Minipost: “Siegfried” Follow-up

Forging Song addendum: I haven’t given this much attention in the above, because it more or less leaps over the trouble area, and all these tenors sing it effectively according to their powers. But for fans of the hit tune: search out the late ’30s recording of the whole scene by Nikandr Khanayev, known to us mostly for his Soviet recordings of character roles after WW2, when he was into his late 50s and 60s. This is impressive heroic tenor singing (in Russian, of course), and seconded by the hairy-sounding Mime of Alexander Peregudov.

Brünnhilde: There is less to be said about our soprano referents. While singers with all the qualifications for the role have never been exactly in profusion, in the first half of the last century there were always at least several on the international scene with the size and quality of voice, the technical control, and the stylistic command to give satisfying performances in the two roles that establish the “high dramatic” Fach, Brünnhilde and Isolde. Certainly there was no parallel to the heavy Heldentenor situation, where all but one or, at best, two, seemed lacking in some fundamental aspect relative to the demands of the music. And the writing for the heavy Wagnerian female roles does not truly parallel that of the male. It is more “normal”—i. e., wider—in range. This may appear to make these parts more difficult than their tenor equivalents, but it does not. The soprano is not forced to cram all her most dramatic utterances and wordy articulations into a few pitches in her upper-middle range, where weight can easily accumulate, and even if she were, she would not be singing at the upper edge of the passaggio—the registral distribution is entirely different. Instead of being penned in, she gets to roam the range in freer and more supple fashion. The problem, of course, is to do this with an instrument of sufficient calibre—or, failing that, cutting edge—to take its proper position in the musical fabric and convey the emotional life of the character in that sonorous context.
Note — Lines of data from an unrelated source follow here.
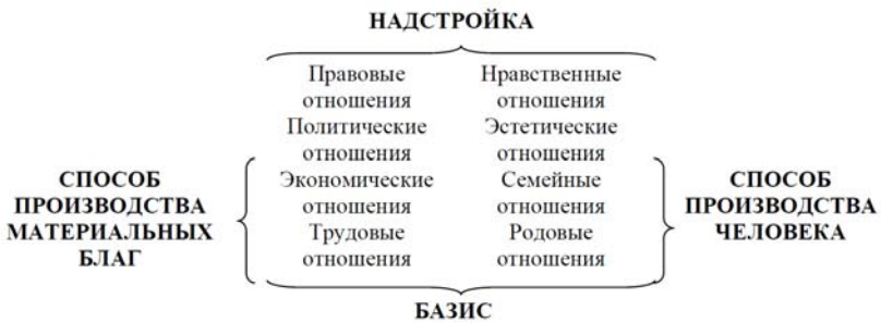
Рис. 2. Базисно-надстроечная модель социума

Базисно-надстроечная детерминация присутствует и в духовной жизни. Обыденное представление о том, что продукт сам по себе считается товаром, «образует базис для фетишизма политико-экономов» 425 . Отрыв от эмпирического базиса порождает иллюзии философии, придает ей характер идеологического, спекулятивного выражения действительности 426 .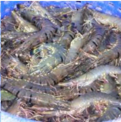
อ่าวคู้งกระเบน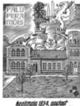
Koolituba 1934. aastast

Küllastusmängus osalejate (vähemalt 10 Eestimaa mõisat külastanud inimesed) vahel loositakse välja 40 kutset Rägavere mõisas toimuvale Rakvere teatri etendusele «Pidusöök».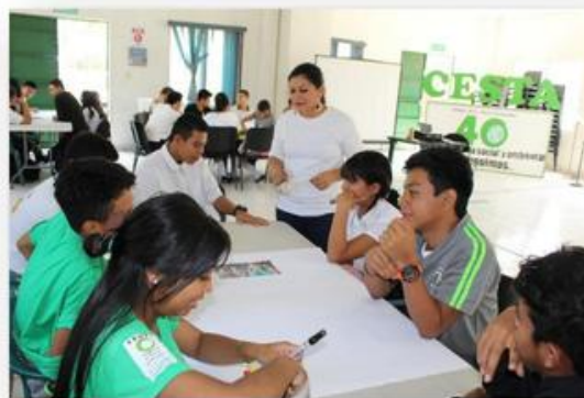
Líderes y lideresas estudiantiles participando en formación socio ambiental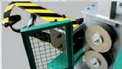
Rolki ciągnące przednie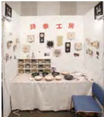
014 詩季工房 [細山田敬子]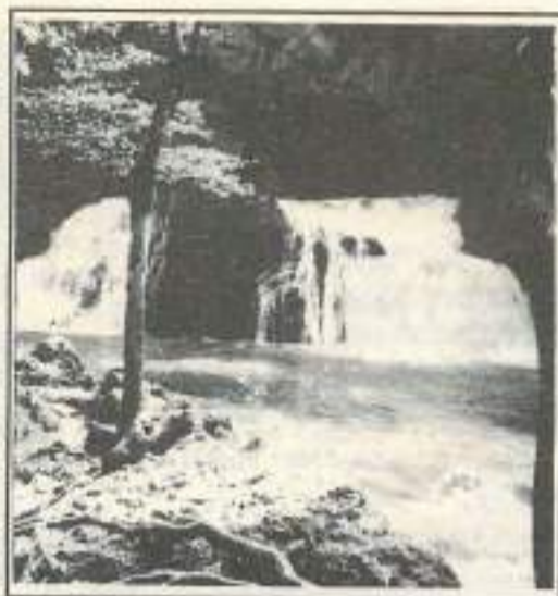
ADED - G. Citeau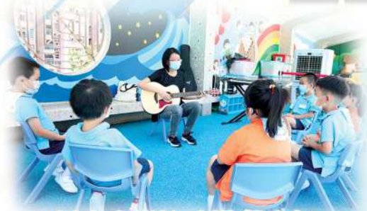
低班音樂治療遊戲小組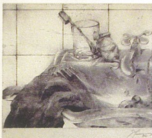
Eulalia Jiménez Molina. Sin título. 30 x 25 cm. Agua fuerte y resinas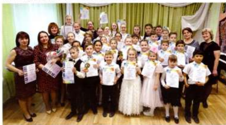
Коллекция преподавателей и обучающихся Чернышевской детской школы искусств

их подготовки к получению профессионального образования в области искусства в настоящее время реализуются дополнительные предпрофессиональные программы в области искусства. Сеть муниципальных бюджетных учреждений дополнительного образования, подведомственных Управлению, состоит из 4-х школ искусства. Все учреждения имеют лицензии на право ведения образовательной деятельности и на реализацию дополнительных предпрофессиональных общеобразовательных программ в области искусства. Учащиеся школ регулярно становятся лауреатами конкурсов и выставок различного уровня. На базе детских школ искусства округа ежегодно проходят популярные районные конкурсы детского творчества «Весенняя ахарея», «Музыкальный апрель», открытый конкурс живописных и графических плакатных работ «Оней очарование...». Существующая система художественно-эстетического образования детей востребована населением, широко развита и стабильно функционирует.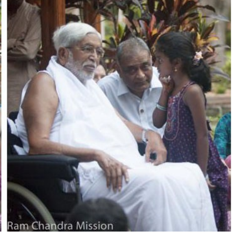
Shri Ram Chandra Mission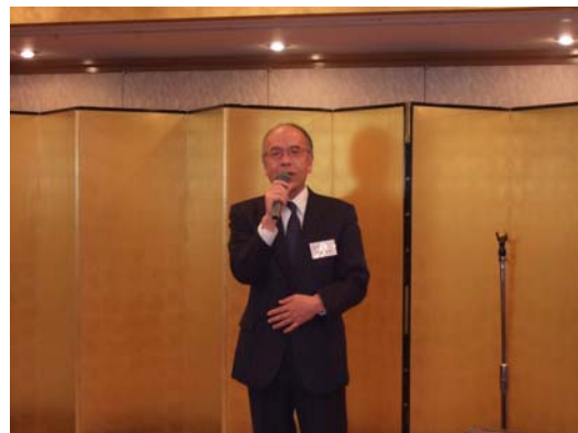
■ 河南嘉彦氏 中締め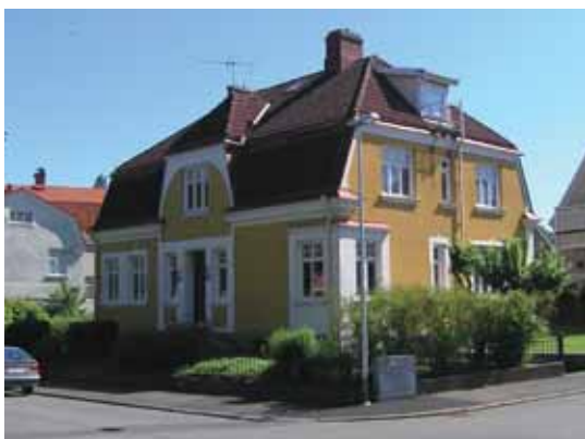
Höken 8 Alströmersgatan 21 byggdes 1908 i en villastil som är karaktäristisk för tidigt 1900-tal.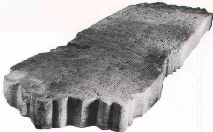
Medusastenen på stadsmuseet.

Någon mera omfattande forskning har mig veterligt inte företagits angående bislaget som byggnads- och arkitekturelement, dess uppkomst och praktis-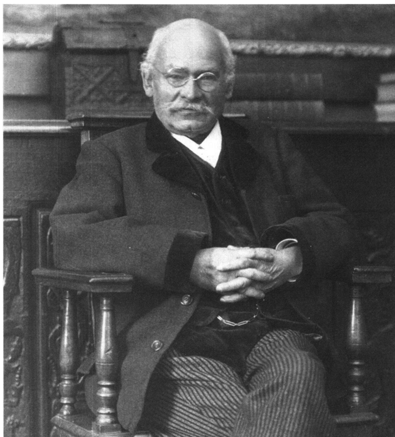
Fig. 2 Portrait d'Alexis Forel au musée à Morges, 1920.

Pendant de nombreuses années et jusqu'à la parution de ce catalogue, un certain mystère a entouré l'origine et le nombre exact d'estampes constituant sa collection, et cela,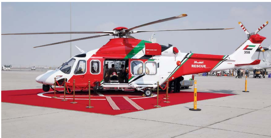
جانب من مشاركة المركز في معرض دبي الدولي للطيران

ومما يجدر ذكره أن المركز الوطني للبحث والإنقاذ، الذي يتخذ من العاصمة أبوظبي مقراً رئيسياً له، هو المركز الأول من نوعه في دولة الإمارات العربية المتحدة، حيث يتولى جميع المهام الخاصة بعمليات البحث والإنقاذ في الدولة مطبقاً أعلى المعايير الدولية المستمدة من الهيئة الدولية للطيران المدني والمنظمة البحرية الدولية.

Besides, we have in these performances three supremely gifted singers: Kirsten Flagstad (twice, for Furtwängler/La Scala and Bodanzky/Met), Helen Traubel (Stiedry/Met), and Astrid Varnay (Keilberth/Bayreuth. As with the Siegfried of Suthaus, and for similar reasons, I am not submitting his partner, Martha Mödl, for consideration here.) Flagstad’s two performances come close to bracketing her war-interrupted international career. She was less than two years past her Met debut with the 1937 broadcast, and sang for only a few seasons beyond the 1950 one. (She is in fact the Walküre Brünnhilde of the Stiedry cycle.) She’s the only one of these sopranos I did not hear in person, as was Lorenz among the tenors. As a young devotee in the late 1940s and ’50s, I was surrounded by many who did hear her, and these included not only fellow devotees, but veteran conductors, critics, and ex-singers, some of whom had also heard Leider, Lawrence, Kappel, and even Gadski, not to mention others on interwar European stages. To a person, they assured me that they had heard no voice to compare with Flagstad’s in terms of size, tonal purity, and ease of emission combined. The latter two qualities can be confirmed from her records, and if we trust, as I do, these reports (echoed in contemporaneous reviews) on the first one, we can imagine ourselves utterly transported by a phenomenon as unique in its way as that of Melchior.